> _TO DO_: Without the pictures, copy all of the data exactly.

> _DATASET SECTION_:
== Segment start ==

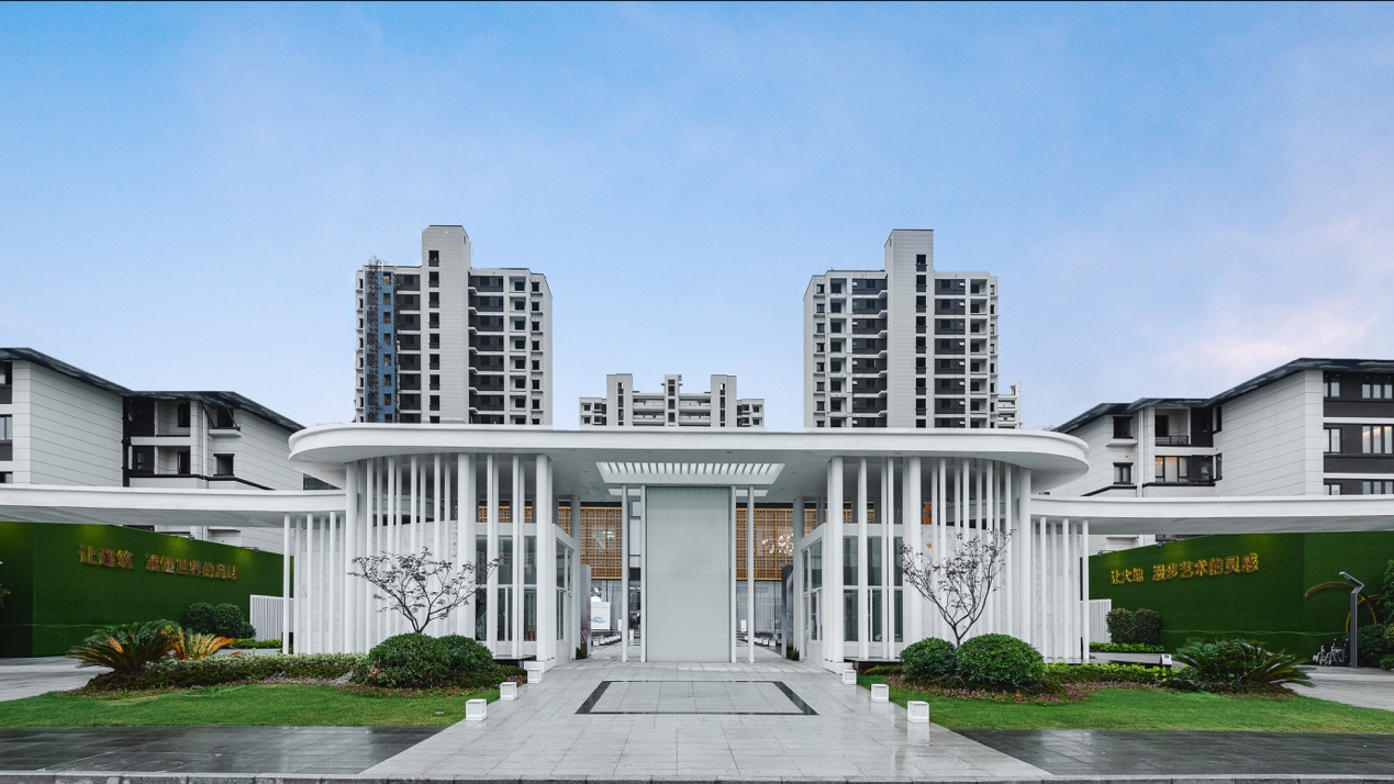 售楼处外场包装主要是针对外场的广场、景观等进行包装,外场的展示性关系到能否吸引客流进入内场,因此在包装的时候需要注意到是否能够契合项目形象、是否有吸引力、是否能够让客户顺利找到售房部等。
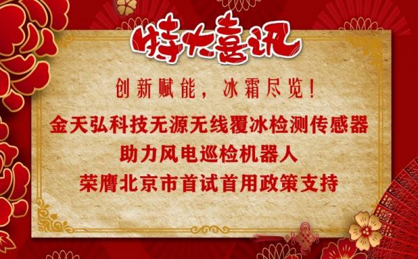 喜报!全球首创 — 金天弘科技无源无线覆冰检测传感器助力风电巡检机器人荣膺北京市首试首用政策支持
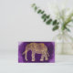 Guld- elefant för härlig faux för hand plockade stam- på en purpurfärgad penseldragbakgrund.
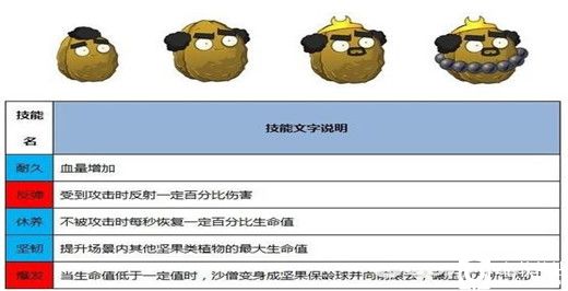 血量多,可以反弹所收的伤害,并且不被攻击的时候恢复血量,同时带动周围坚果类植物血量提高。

== Segment end ==

> _OUTPUT OF THE EXERCISE_:
 售楼处外场包装主要是针对外场的广场、景观等进行包装,外场的展示性关系到能否吸引客流进入内场,因此在包装的时候需要注意到是否能够契合项目形象、是否有吸引力、是否能够让客户顺利找到售房部等。
 喜报!全球首创 — 金天弘科技无源无线覆冰检测传感器助力风电巡检机器人荣膺北京市首试首用政策支持
 Guld- elefant för härlig faux för hand plockade stam- på en purpurfärgad penseldragbakgrund.
 血量多,可以反弹所收的伤害,并且不被攻击的时候恢复血量,同时带动周围坚果类植物血量提高。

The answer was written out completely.